Recommended procedure for breaking in new gears: After driving the first 15 to 20 miles, stop and let the differential cool before proceeding. Keep the vehicle at speeds below 60 mph for the first 100 miles. I also recommend putting at least 500 miles on the new gear set before heavy use or towing. During the first 45 miles of towing, it helps to go about 15 miles at a time before stopping to let the differential cool for 15 minutes before continuing. This is necessary because not all of the gear tooth is making contact until it is heavily loaded. When towing, the teeth flex to contact completely, and cause the previously unloaded portion of the teeth to touch and work harden. It is very easy to damage the ring & pinion by overloading before the teeth are broken-in.
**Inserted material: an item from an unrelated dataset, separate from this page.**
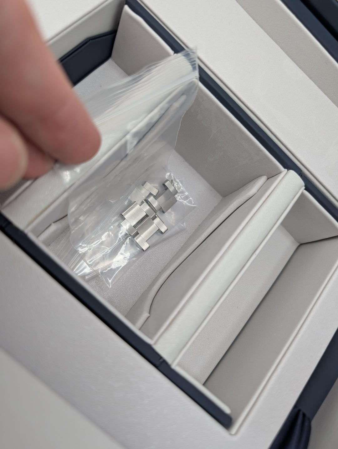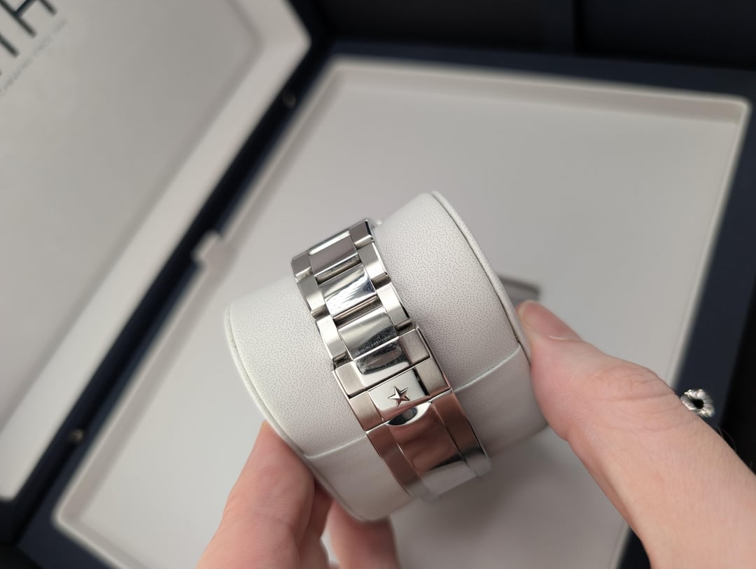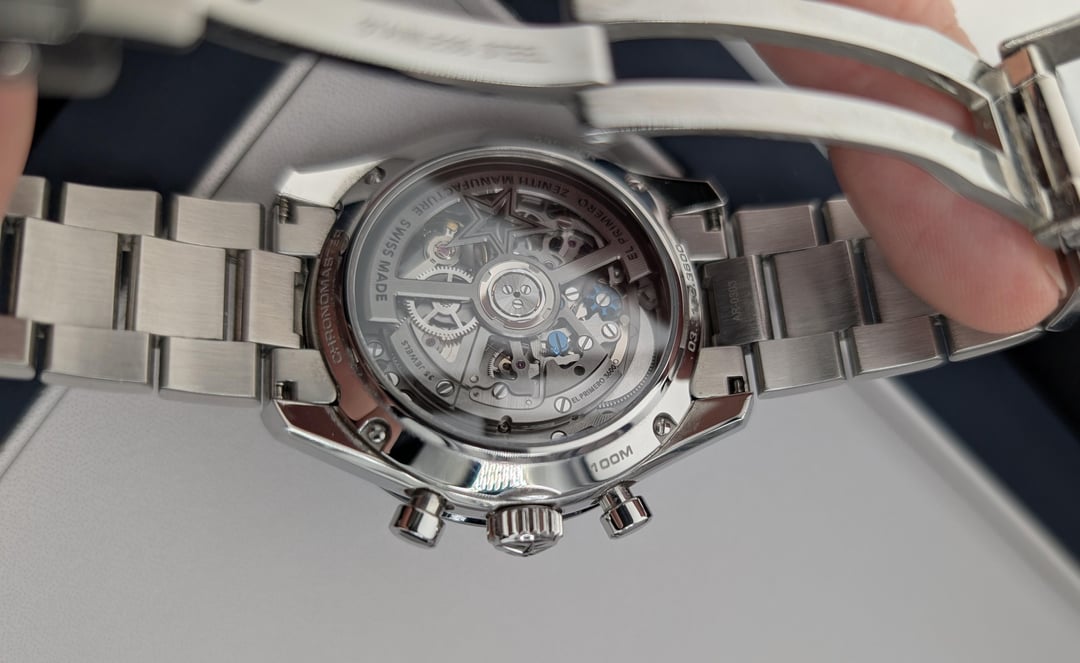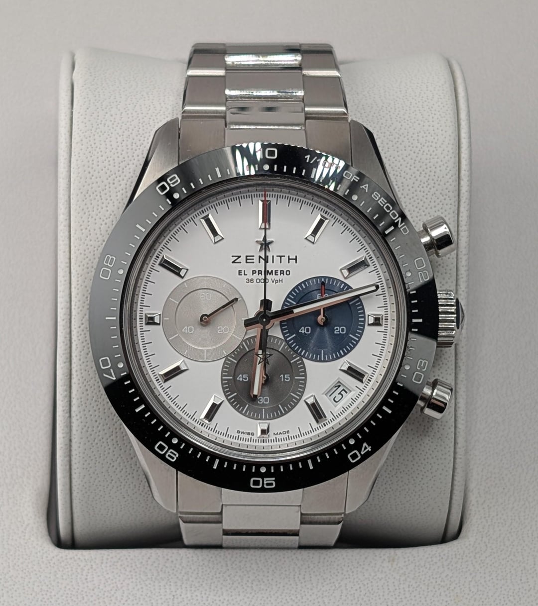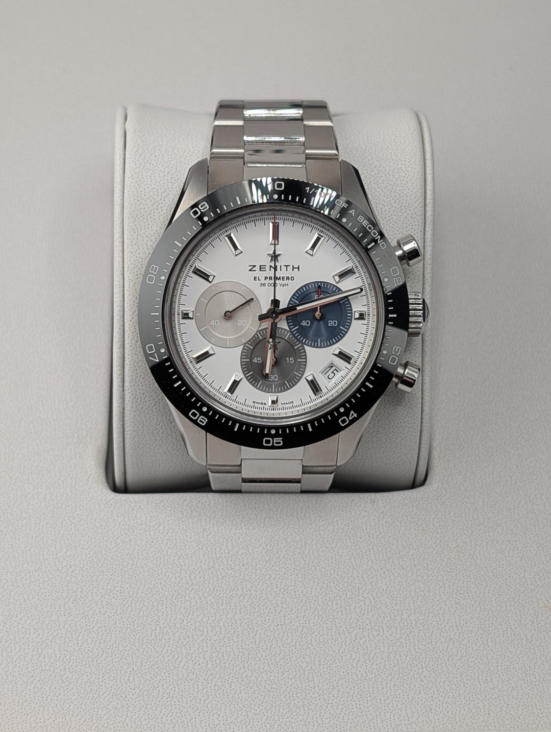 Selling Zenith Chronomaster Sport white dial with full kit: box and papers, active 2023 warranty, all bracelet links. Condition is very good - there are numerous scratches on the polished bits of the bracelet, with lots of scratches on the clasp, as pictured. None of the scratches are particularly deep, and there are no dents or damage. I'm the original owner, selling because I'm downsizing my collection. Asking for $6700 shipped insured, US seller looking for US sales only. Not looking for trades. I accept payment through Paypal/Venmo, F&F only unless you have some transaction feedback. I mostly sell on eBay where I have 100% positive feedback with over 1000 transactions, which I'm happy to prove to anyone worried about buying from me. Timestamp: [https://imgur.com/a/U1op8wM](https://imgur.com/a/U1op8wM)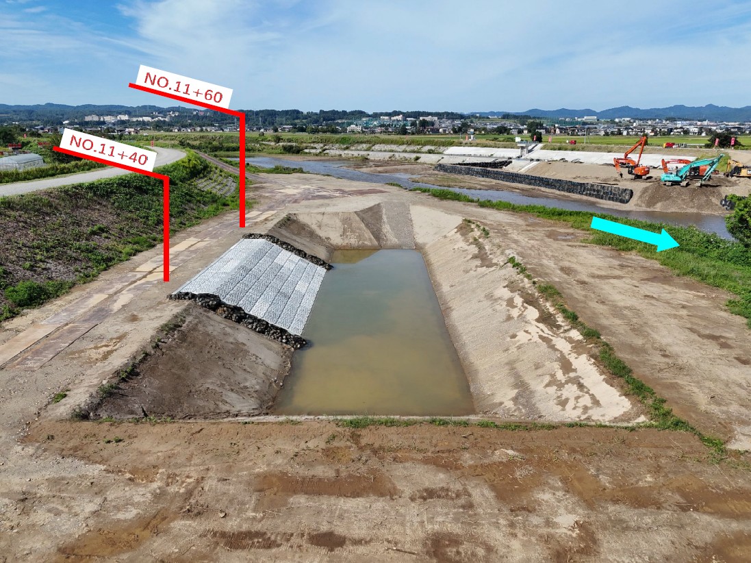 増工工事の右岸低水護岸工施工のための仮締切堤防が完了しました。

...End cut and paste. While this tidbit applies to ring and pinions specifically much the same is true for most gear types. Overloading during the initial break in phase is not good for your gears, running extended break in periods does nothing. Once the gears have broke in they are broke in and no amount of directed break in procedures can change the gears from what you made them when they were actually in the break in period.